◆ Records for this task:
::::::::

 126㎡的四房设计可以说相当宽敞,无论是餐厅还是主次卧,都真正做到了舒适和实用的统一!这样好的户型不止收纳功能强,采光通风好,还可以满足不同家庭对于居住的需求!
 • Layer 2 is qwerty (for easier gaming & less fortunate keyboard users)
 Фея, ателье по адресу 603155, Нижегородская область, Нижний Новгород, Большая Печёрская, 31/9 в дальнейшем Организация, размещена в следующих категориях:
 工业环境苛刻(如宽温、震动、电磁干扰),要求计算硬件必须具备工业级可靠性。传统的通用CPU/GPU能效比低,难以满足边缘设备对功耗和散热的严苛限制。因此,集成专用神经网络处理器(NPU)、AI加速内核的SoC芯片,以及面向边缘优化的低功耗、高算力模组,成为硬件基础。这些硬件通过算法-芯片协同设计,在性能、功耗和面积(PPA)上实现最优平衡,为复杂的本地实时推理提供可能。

::::::::

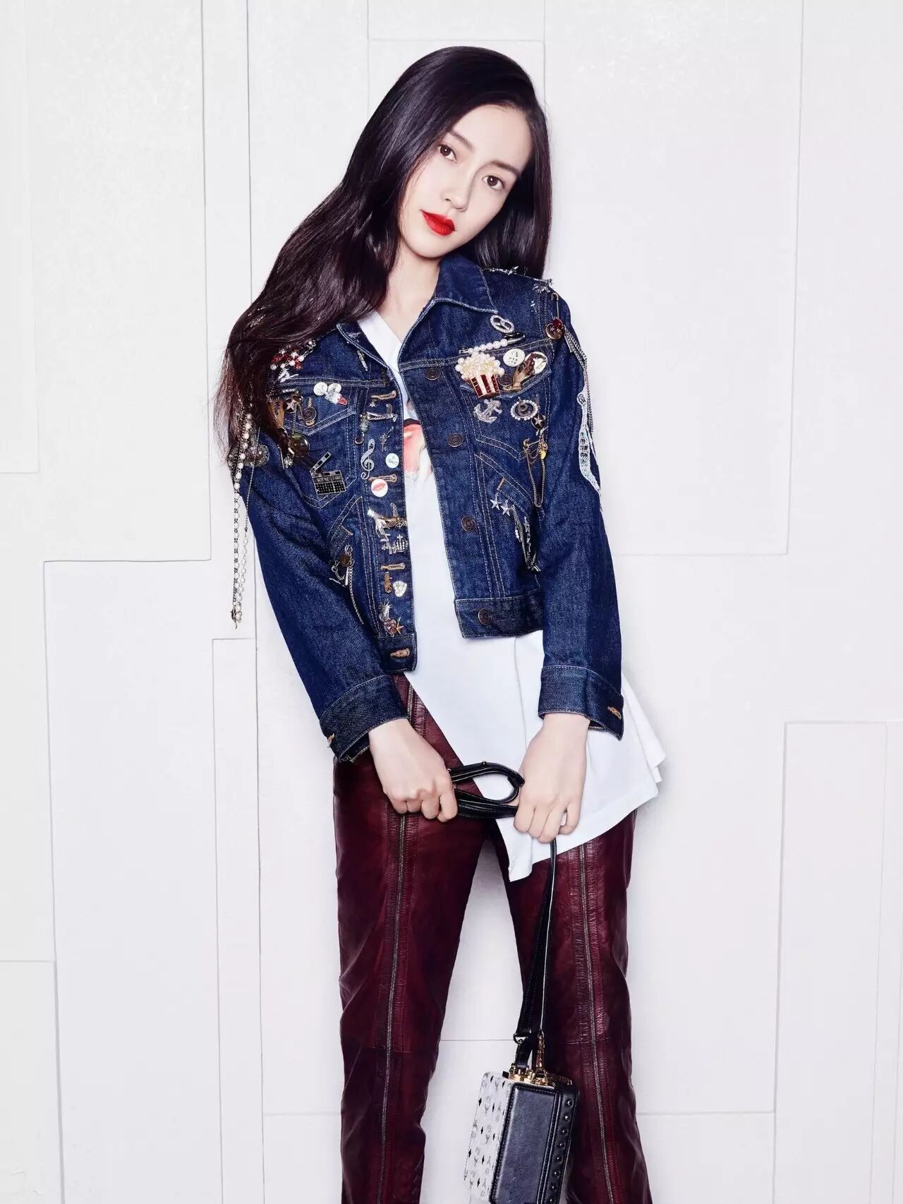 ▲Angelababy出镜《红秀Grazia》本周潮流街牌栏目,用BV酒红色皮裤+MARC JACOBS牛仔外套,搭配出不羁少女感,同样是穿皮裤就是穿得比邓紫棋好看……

::::::::

◆ What you are asked to do:
Look back at the data above. Transcribe exactly the lines starting at the line that contains "Фея, ателье по" and ending at the line that contains "工业环境苛刻(如宽温、震动、".

◆ Response:
 Фея, ателье по адресу 603155, Нижегородская область, Нижний Новгород, Большая Печёрская, 31/9 в дальнейшем Организация, размещена в следующих категориях:
 工业环境苛刻(如宽温、震动、电磁干扰),要求计算硬件必须具备工业级可靠性。传统的通用CPU/GPU能效比低,难以满足边缘设备对功耗和散热的严苛限制。因此,集成专用神经网络处理器(NPU)、AI加速内核的SoC芯片,以及面向边缘优化的低功耗、高算力模组,成为硬件基础。这些硬件通过算法-芯片协同设计,在性能、功耗和面积(PPA)上实现最优平衡,为复杂的本地实时推理提供可能。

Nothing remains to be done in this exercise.